Wow you are having a time of it.
Was the leak from the joint or the pump seal?
It is important not to rotate pump dry before fitting, or during fitting, lube the face seal of pump with coolant before fitting - it's good practise.

Face seal is inside pump .
 
Wow you are having a time of it.
Was the leak from the joint or the pump seal?
It is important not to rotate pump dry before fitting, or during fitting, lube the face seal of pump with coolant before fitting - it's good practise.

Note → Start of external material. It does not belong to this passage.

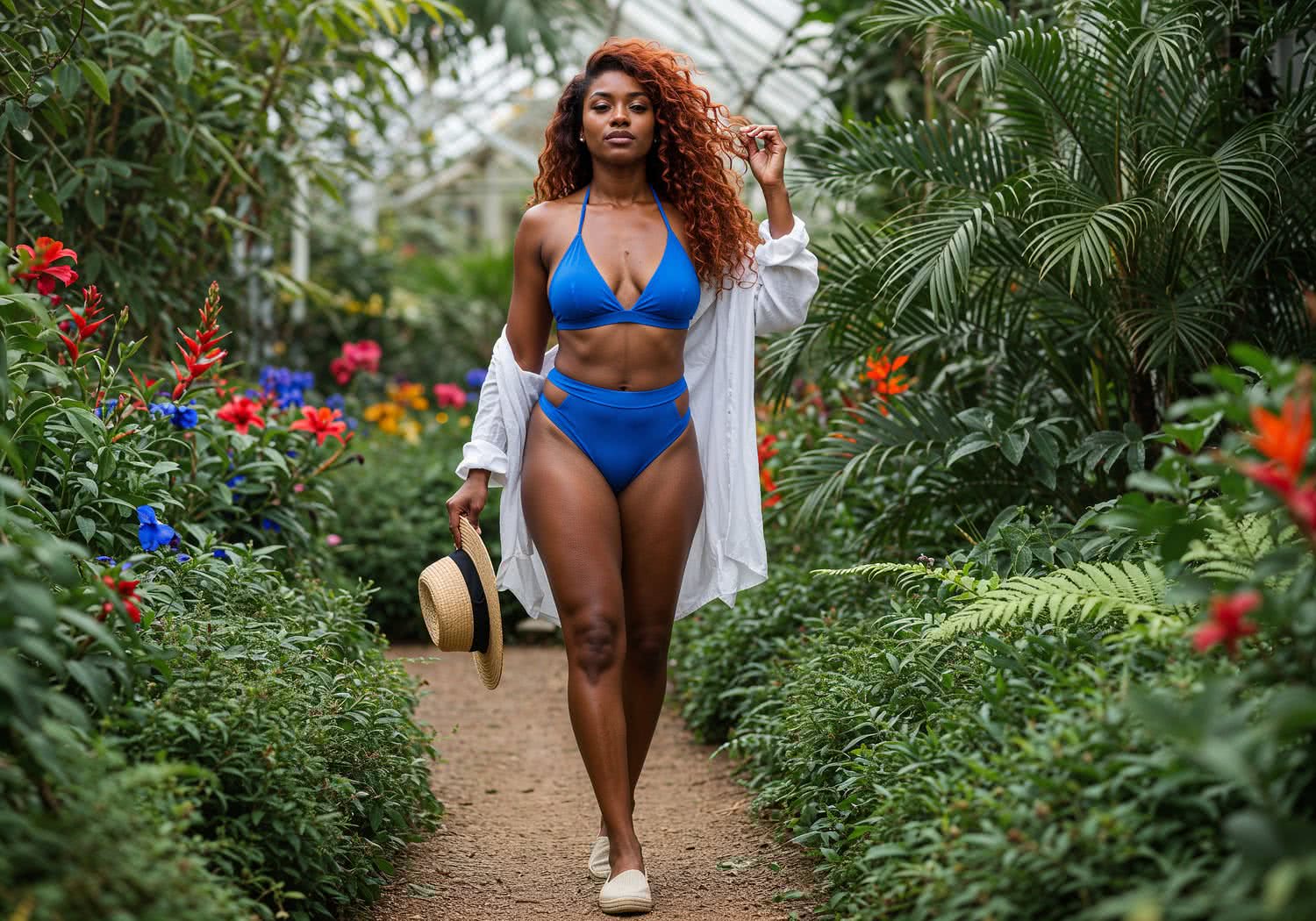 Professional high-resolution fashion photography of: A professional illustration of a confident 25-year-old woman with dark skin and long, curly red hair cascading over her shoulders, walking gracefully along a sunlit path in a lush botanical garden on a warm summer day. She wears a sensual cobalt blue halter trikini swimsuit that ties around her neck, exposes her smooth back, and features subtle blue inserts on the straps and sides with elastic bands accentuating her waist, highlighting her natural figure without tattoos or piercings. Over the swimsuit, she has a sheer, flowing white linen tunic draped loosely on her shoulders, paired with flat neutral espadrilles and a wide-brimmed straw hat. Gentle wind tousles her hair as vibrant tropical flowers, ferns, and greenery surround her, evoking elegance, sensuality, and harmony with nature in a vibrant, summery palette of blues, greens, and earthy tones. Overall image style is professional fashion and style photography with vivid colors, brigh soft lightning, soft vignettes, blurred background.

Face seal is inside pump .
yes tell me about it Jack.....after our old Hymer let us down once too often,we thought it a good idea to buy a newer (2014) Carthago chic c-line.......no history of timing belt being done, so had to be done.
i think its from the joint. (coolant leak appears between the forward edge pump mating and the block) it could be dodgy pump,seals or incorrectly torqued......or all 3. i doubt now it was the bolts.....as looking at more water pump fittings on you-tube it appears the only bolt differences are the 1 x 10mm and the 3 x injection pump bolts. the rest may be the same. (can anyone confirm that??) i'll know better when i strip it down again and have a good look. i wish now i had left the original alone as there was/is nothing wrong with it. :( This new gates water pump, the seals on that were half the size in thickness as the originals.....i can see why it would leak with those,but i bought an original smaller seal and reused the larger original seal (yes i know) as it was a lot thicker and in excellent condition.......before i was getting a leak when cold (and hot) but now only slightly weeping when it is hot...... anyway,i'm going to order a new fiat water pump,new fiat seals and new bolts and hopefully that should sort it. (and a new torque wrench!) :)
 
someone said that some garages use a sealant as well as the seals......anyone here can confirm or deny that??
 
someone said that some garages use a sealant as well as the seals......anyone here can confirm or deny that??
Please do not use both , If it's got seals and a gasket you don't need sealant.
In fact if gasket and seal/s sealant is prohibited my most water pump manufactures . As too much /incorrectly applied sealant gets in the face seal and causes leaks.
 
Please do not use both , If it's got seals and a gasket you don't need sealant.
In fact if gasket and seal/s sealant is prohibited my most water pump manufactures . As too much /incorrectly applied sealant gets in the face seal and causes leaks.
yes that's what i thought too.............trouble is google,you tube etc. is full of conflicting advice!! same as the torque settings for the bolts.....there's a few videos recommending 35nm,25nm and 30nm. (these i torqued to 35nm on the above advice!!)
these just have two o ring seals one large one small.
 
Worth checking the official procedure as it's a large casing with pump hanging on it .....sequence of loosening /tightening to reduce deflection?
 
You state 10mm bolts ..... is that thread diameter ? We can't tell anything from head diameter?
 
M8 thread I aim for 28nm
if you'd have asked that earlier today i could have told you the exact sizes............i think the 10mm bolt is an M6 and the others 13mm bolts are M8. i know the torque for the smaller one is 10nm. fiat say 25nm and iveco say 30nm for the rest.......so you may be correct.
 
@Communicator Hi please do you have a link to proceedure, via car4data or other? Cheers J
I do not have any info specific to the 2.3 multijet, but 244 eLearn gives M8 bolts 25Nm, and M6 bolts 10Nm, for the earlier 2.3jtd which is virtually the same engine. No particular tightening sequence, but common sense suggests start at middle and work outwards by diagonal selection, if you can manage it.

The OP should learn to specify bolts by diameter and not head size, as that can differ between DIN and ISO standards. I made myself a table, attached.